Add CMSSW performance metrics to WMArchive document #11696

vkuznet · 2023-08-28T18:10:30Z

Fixes #11538

Status

ready

Description

Add CMSSW performance metrics to WMArchive document

Is it backward compatible (if not, which system it affects?)

YES

Related PRs

#11663

External dependencies / deployment changes

cmsdmwmbot · 2023-08-28T18:24:45Z

Jenkins results:

Python3 Unit tests: failed
- 1 new failures
- 1 tests added
- 2 changes in unstable tests
Python3 Pylint check: failed
- 4 warnings and errors that must be fixed
- 1 warnings
- 70 comments to review
Pylint py3k check: succeeded
Pycodestyle check: succeeded
- 141 comments to review

Details at https://cmssdt.cern.ch/dmwm-jenkins/view/All/job/DMWM-WMCore-PR-test/14448/artifact/artifacts/PullRequestReport.html

cmsdmwmbot · 2023-08-28T18:46:44Z

Jenkins results:

Python3 Unit tests: failed
- 1 new failures
- 1 tests added
Python3 Pylint check: failed
- 2 warnings and errors that must be fixed
- 1 warnings
- 70 comments to review
Pylint py3k check: succeeded
Pycodestyle check: succeeded
- 134 comments to review

Details at https://cmssdt.cern.ch/dmwm-jenkins/view/All/job/DMWM-WMCore-PR-test/14449/artifact/artifacts/PullRequestReport.html

amaltaro

I just saw there was a pending review request for this PR, even though it's labelled as "PR: Work in progress".

I know we have to resume working on this once the flow of these metrics are fully understood. I don't understand why this PR provides the CMSSWMetrics.py module though.
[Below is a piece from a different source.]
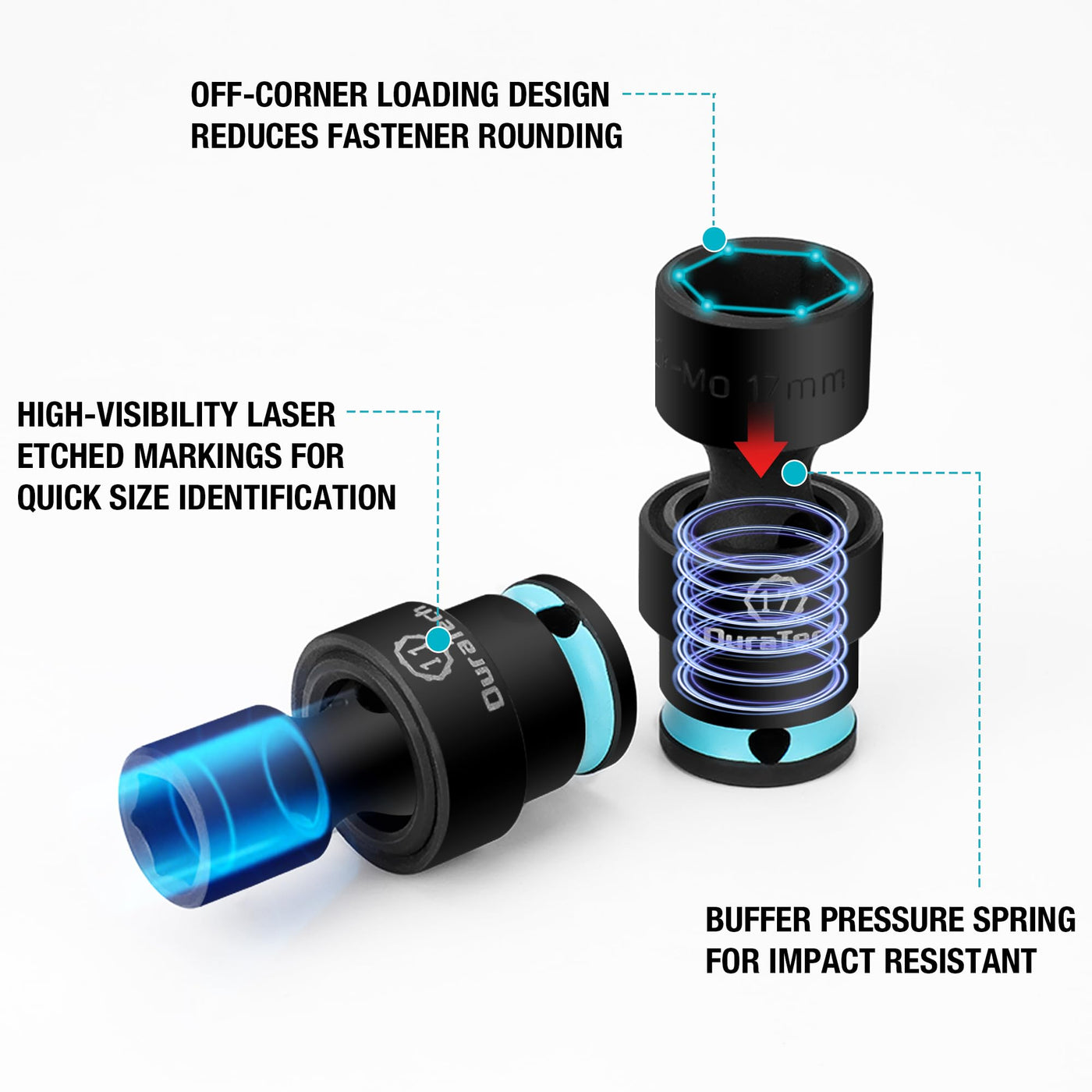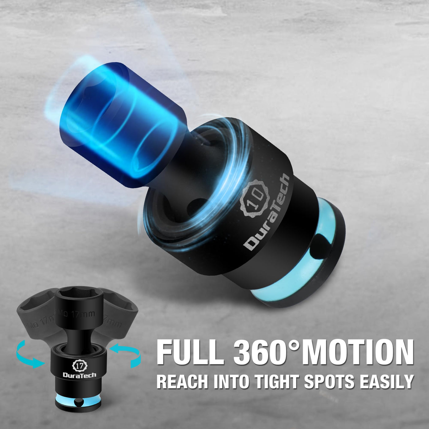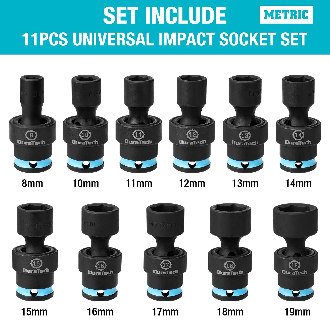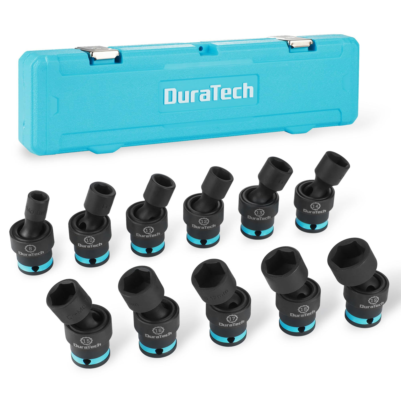 Duratech 3/8" Drive Impact Swivel Socket Set, 11-Piece Shallow Wobble Socket Set, Metric Socket Set With Flexible Wobble, Cr-Mo Steel, 6 Points, Organized In Sturdy Storage Case(8-19Mm)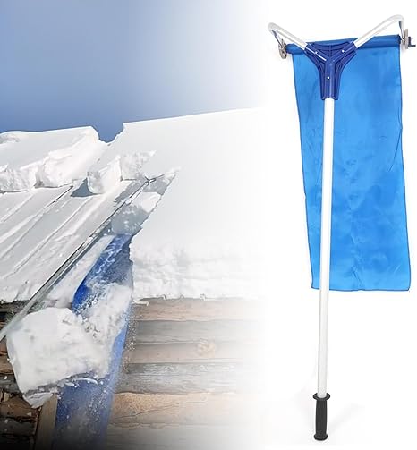 Easy and Quick Snow Removal from Roof, Adjustable Aluminum Roof Snow Removal Tool with Wheels & Oxford Cloth, Anti-Slip Roof Rake Snow Removal Tool with 5-Section Tubes

That is an example and it should be placed under the correct location (either test/* or src/python/WMQuality).

cmsdmwmbot · 2023-09-27T11:55:24Z

Jenkins results:

Python3 Unit tests: failed
- 1 new failures
- 1 tests no longer failing
- 1 tests added
- 1 changes in unstable tests
Python3 Pylint check: failed
- 6 warnings and errors that must be fixed
- 3 warnings
- 155 comments to review
Pylint py3k check: succeeded
Pycodestyle check: succeeded
- 136 comments to review

Details at https://cmssdt.cern.ch/dmwm-jenkins/view/All/job/DMWM-WMCore-PR-test/14524/artifact/artifacts/PullRequestReport.html

vkuznet · 2023-09-27T14:19:29Z

test this please

vkuznet · 2023-09-27T14:24:35Z

Alan, the CMSSWMetrics.py module is required by WMCore/Services/WMArchive/DataMap.py. It does not represent just data sample, but rather provide correct data types for all performance cmssw metrics. Instead of manually added them, I used concrete cmssw metrics and put them in this module. The DataMap expects to have proper data-types in PERFORMANCE_TYPE which is used across the codebase, and I added them via function CMSSWMetrics which comes from CMSSWMetrics.py module. Since all of them are part of DataMap workflow I doubt that this module should be placed under test or WMQuality.

cmsdmwmbot · 2023-09-27T14:28:34Z

Jenkins results:

Python3 Unit tests: failed
- 1 new failures
- 1 tests added
- 1 changes in unstable tests
Python3 Pylint check: failed
- 6 warnings and errors that must be fixed
- 3 warnings
- 155 comments to review
Pylint py3k check: succeeded
Pycodestyle check: succeeded
- 136 comments to review

Details at https://cmssdt.cern.ch/dmwm-jenkins/view/All/job/DMWM-WMCore-PR-test/14525/artifact/artifacts/PullRequestReport.html

vkuznet · 2023-09-27T14:28:40Z

Here is a link to a document which now contains cmssw metrics in WMArchive

vkuznet · 2023-09-27T14:32:22Z

Alan, I applied this PR along with #11663 to vocms0291 WMAgent and run one workflow wmagent_small_MC_Agent0291_wma_cmssw3_230927_133515_4641. I verified that in local CouchDB we have appropriate cmssw metrics, see

curl -s xxx:xxx@localhost:5984/wmagent_jobdump%2Ffwjrs/1470-0 | jq

and, then I found that these metrics are propagated into WMArchive, see this document

Therefore, I removed work in progress label and now this PR along with #11663 are ready for review. Please note that this PR address how to propagate metrics to WMArchvie, while #11663 provides CMSSW metrics in FJR JSON by parsing appropriate parts of CMSSW XML report. Both PRs will be required to complete #11538

Just in case here a direct link to FJR JSON in OpenSearch/MONIT infrastructure (previously I added link to a filtered page).

todor-ivanov

thanks for the PR @vkuznet
I do not see anything dramatic that could be a showstopper. Nevertheless I made 2 or 3 comments inline. You may want to take a quick look. (no need to change anything though if you think it is already good enough)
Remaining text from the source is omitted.